While exceptional, America may not be immune. Will she fade like Rome,
Russia, Japan and Great Britain did in earlier epochs? Or is there a real chance
for a renewal?

Walt Kelly's cartoon character Pogo once referred to a dire situation as presenting "insurmountable opportunities"--and as author Tom Friedman keeps
reminding us, "a crisis is a terrible thing to waste." Now, in the midst of these
multiple crises, the 2008 election has put in place the first progressive president
and progressive congressional majority in nearly 50 years. For Obama to rise to
this occasion and become a 21st-century FDR or LBJ requires that he seize two
approaches during his transition and early months.
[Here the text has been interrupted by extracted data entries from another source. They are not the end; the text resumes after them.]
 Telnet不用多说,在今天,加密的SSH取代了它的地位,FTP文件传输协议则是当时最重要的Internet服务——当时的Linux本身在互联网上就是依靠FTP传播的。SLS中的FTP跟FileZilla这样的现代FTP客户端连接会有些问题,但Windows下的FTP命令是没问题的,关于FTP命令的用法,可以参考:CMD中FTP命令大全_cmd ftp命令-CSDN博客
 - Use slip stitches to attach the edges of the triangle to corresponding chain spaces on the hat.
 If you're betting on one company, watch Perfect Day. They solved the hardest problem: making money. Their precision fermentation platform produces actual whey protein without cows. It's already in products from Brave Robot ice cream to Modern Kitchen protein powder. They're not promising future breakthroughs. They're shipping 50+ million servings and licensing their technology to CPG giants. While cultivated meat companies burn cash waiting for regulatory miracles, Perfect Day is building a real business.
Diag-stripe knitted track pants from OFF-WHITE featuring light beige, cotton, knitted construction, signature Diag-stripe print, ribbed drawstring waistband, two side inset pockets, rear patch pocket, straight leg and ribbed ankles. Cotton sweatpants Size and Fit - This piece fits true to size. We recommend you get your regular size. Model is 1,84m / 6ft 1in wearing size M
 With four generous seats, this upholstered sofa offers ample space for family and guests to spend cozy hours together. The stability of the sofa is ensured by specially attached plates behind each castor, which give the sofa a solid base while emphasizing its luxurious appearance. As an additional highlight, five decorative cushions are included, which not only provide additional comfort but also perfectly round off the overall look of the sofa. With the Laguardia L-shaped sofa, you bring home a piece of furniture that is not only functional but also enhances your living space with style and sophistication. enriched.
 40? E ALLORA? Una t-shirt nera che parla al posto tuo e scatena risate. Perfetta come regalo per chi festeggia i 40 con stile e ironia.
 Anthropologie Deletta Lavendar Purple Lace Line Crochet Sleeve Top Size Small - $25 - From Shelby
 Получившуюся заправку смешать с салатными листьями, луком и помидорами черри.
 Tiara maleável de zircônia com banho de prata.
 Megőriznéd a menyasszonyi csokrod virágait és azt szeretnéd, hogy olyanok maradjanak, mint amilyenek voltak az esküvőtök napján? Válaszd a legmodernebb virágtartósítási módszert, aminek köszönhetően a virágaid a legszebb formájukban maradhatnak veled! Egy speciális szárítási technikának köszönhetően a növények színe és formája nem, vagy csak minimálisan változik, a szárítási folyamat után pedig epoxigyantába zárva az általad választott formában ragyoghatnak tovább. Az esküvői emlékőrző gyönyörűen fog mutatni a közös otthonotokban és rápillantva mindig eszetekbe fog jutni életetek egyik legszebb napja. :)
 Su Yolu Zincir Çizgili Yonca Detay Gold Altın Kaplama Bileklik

Stylistically, while of course the commander-in-chief during wartime, the
president is also the teacher-in-chief, what Teddy Roosevelt famously called the
Bully Pulpit. Here we should give George W. Bush credit: while he won office
by one vote, in the Supreme Court, he acted like a huge Electoral College winner in unapologetically describing and pursuing his conservative agenda, especially after the unifying tragedy of 9/11. In a similar display of leadership, the
44th chief executive should send to the rhetorical dustbin all talk of "death
taxes," "mushroom clouds," and "the culture of life" and instead constantly remind citizens of the urgency of equal justice in America, global warming, a
low carbon economy, universal health care, and wage-insurance. Think of the
way FDR spoke not of a "bank moratorium" in his first week in office but a
"bank holiday." And remember how fast America went from golf to Ian Fleming when we went from Ike to JFK? With a smart teacher-in-chief in the White
House knowing George Lakoff's and Drew Westin's phone numbers, the
frames of policy must now surely change.

Substantively, four huge policy problems are being left on the new president's
doorstep. Yet each has answers that are practicable, plausible and linked to the
four core values articulated earlier:

• Withdraw from Iraq safely, end torture and restore our global standing by
means of collective security to solve other transnational challenges;

• Stabilize the economy and advance economic opportunity so that average
income finally starts rising after a stagnant eight years and all families
have access to quality, affordable health care;

• Shift to a green economy so we enhance our national, family and economic security;

• Fix our democracy so we don't again have public opinion going in one direction but public policy in another.

The obstacles to these transformational changes are not facts but stale thinking.

Anachronistic analysts will argue that this is still a "center-right" country
and the 44th president shouldn't move too far left, as Newsweek cautioned in anticipation of Obama's Inaugural. But the suggestion that Obama should "move" to the center ignores that recently the center has moved to the left.
"For Much of the Country, a Sizeable Shift," was a banner post-election head-
line in the New York Times. Voters appeared to render a negative verdict on preventive wars, trickle-down economics, financial deregulation, executive abuses,
and theocracy over science. Precisely because conservative values crashed into
a reef called reality, it has created a new mainstream, a new mandate for
change. This collapse and the '08 elections alone did not create a new progressive era--Rove's earlier hubris should caution us to that--but the opportunity
for a new progressive era.

It's now up to the new president during his transition and "first hundred
days" to tactically deploy executive orders, major addresses, well-chosen visits
and proposed legislation to convey his substance, his strategy, his plan, his narrative. He got elected by focusing on "change," presumably from Bush--now
he has to explain change for what? As this book describes in detail, Barack
Obama can ideally reframe the American conversation around democracy,
diplomacy, opportunity and a greener world.

What's at stake is a better America by 2016.